Source records
+-------+

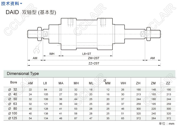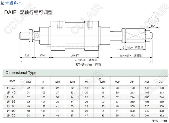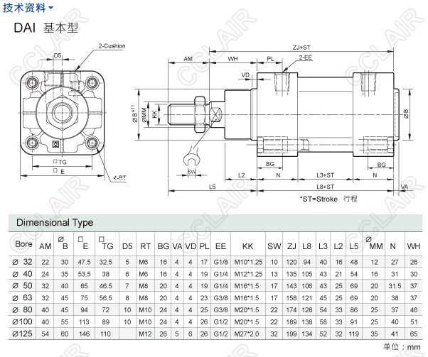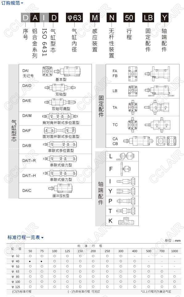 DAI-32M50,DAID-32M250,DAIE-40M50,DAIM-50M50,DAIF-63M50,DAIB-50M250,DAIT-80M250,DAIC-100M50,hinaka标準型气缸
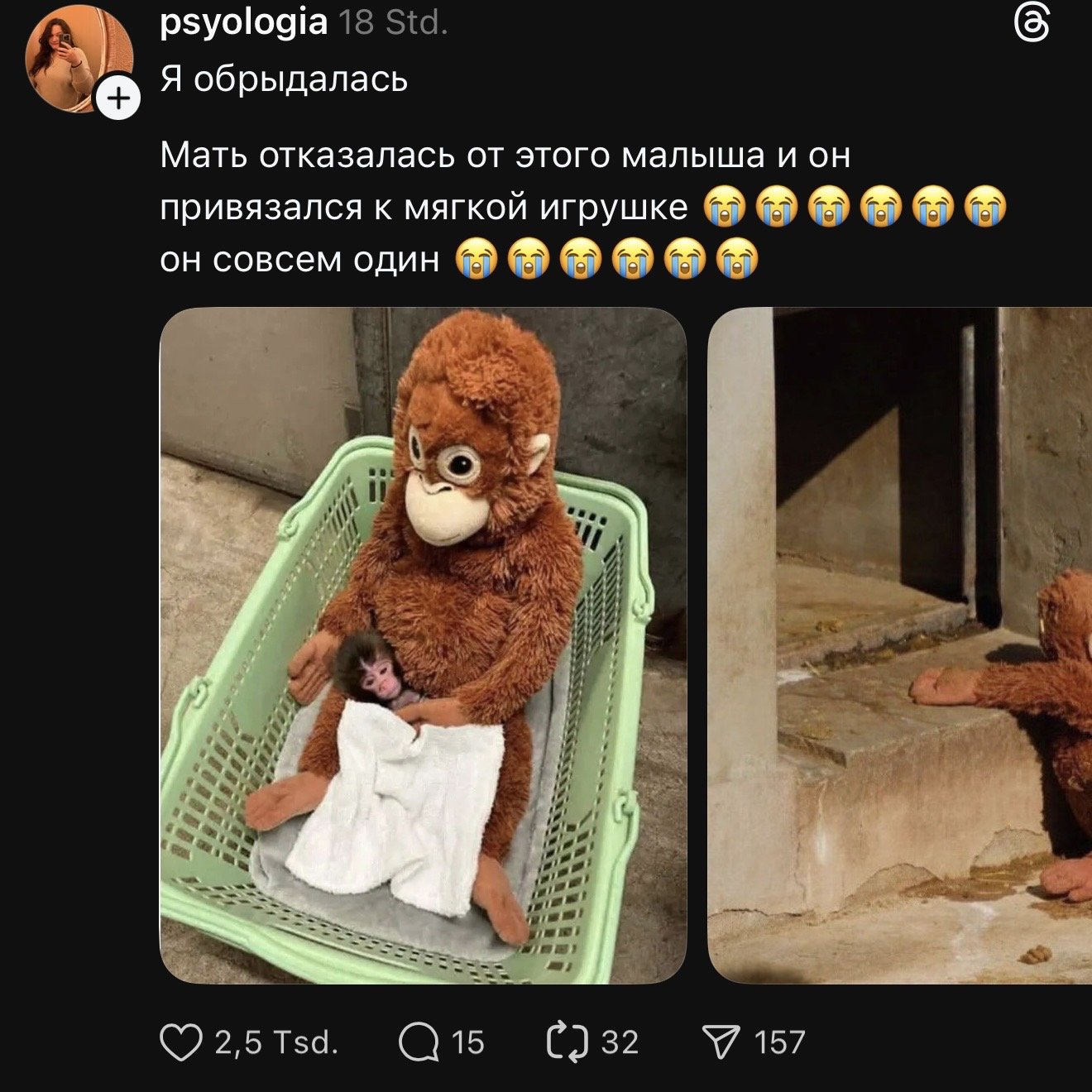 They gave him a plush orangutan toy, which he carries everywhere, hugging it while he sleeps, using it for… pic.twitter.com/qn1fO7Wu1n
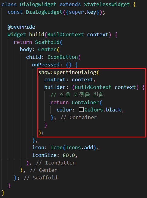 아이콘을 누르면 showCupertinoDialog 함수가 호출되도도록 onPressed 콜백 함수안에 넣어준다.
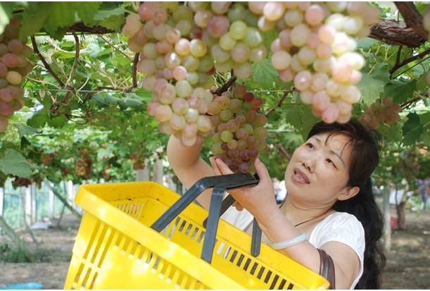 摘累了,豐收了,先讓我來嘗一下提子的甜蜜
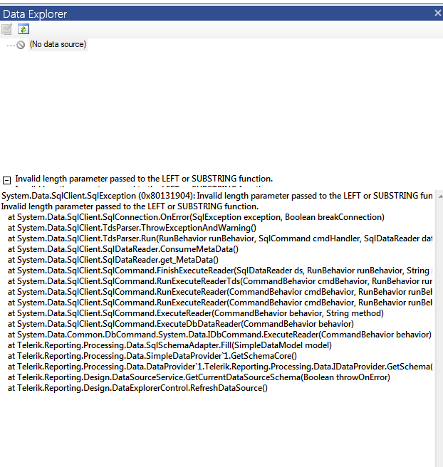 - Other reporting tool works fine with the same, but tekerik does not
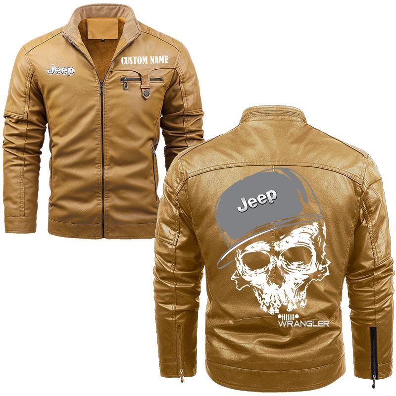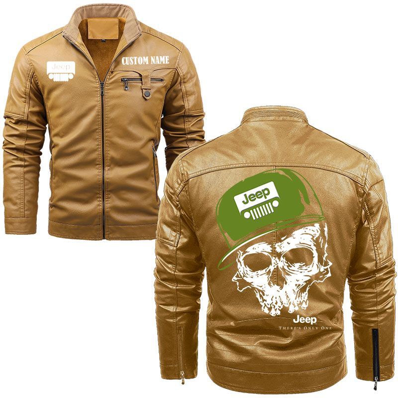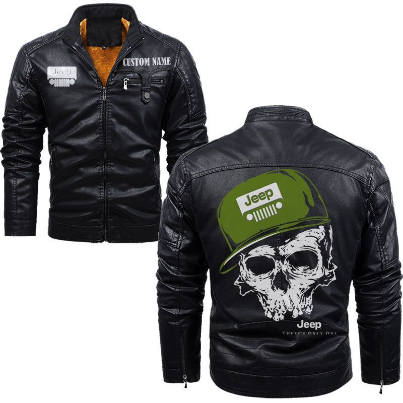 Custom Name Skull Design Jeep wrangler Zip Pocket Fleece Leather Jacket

+-------+

Reproduce exactly, with every picture left out, the lines from the one that contains "- Other reporting" to the final line of the records above.

Response to this task.
 - Other reporting tool works fine with the same, but tekerik does not
 Custom Name Skull Design Jeep wrangler Zip Pocket Fleece Leather Jacket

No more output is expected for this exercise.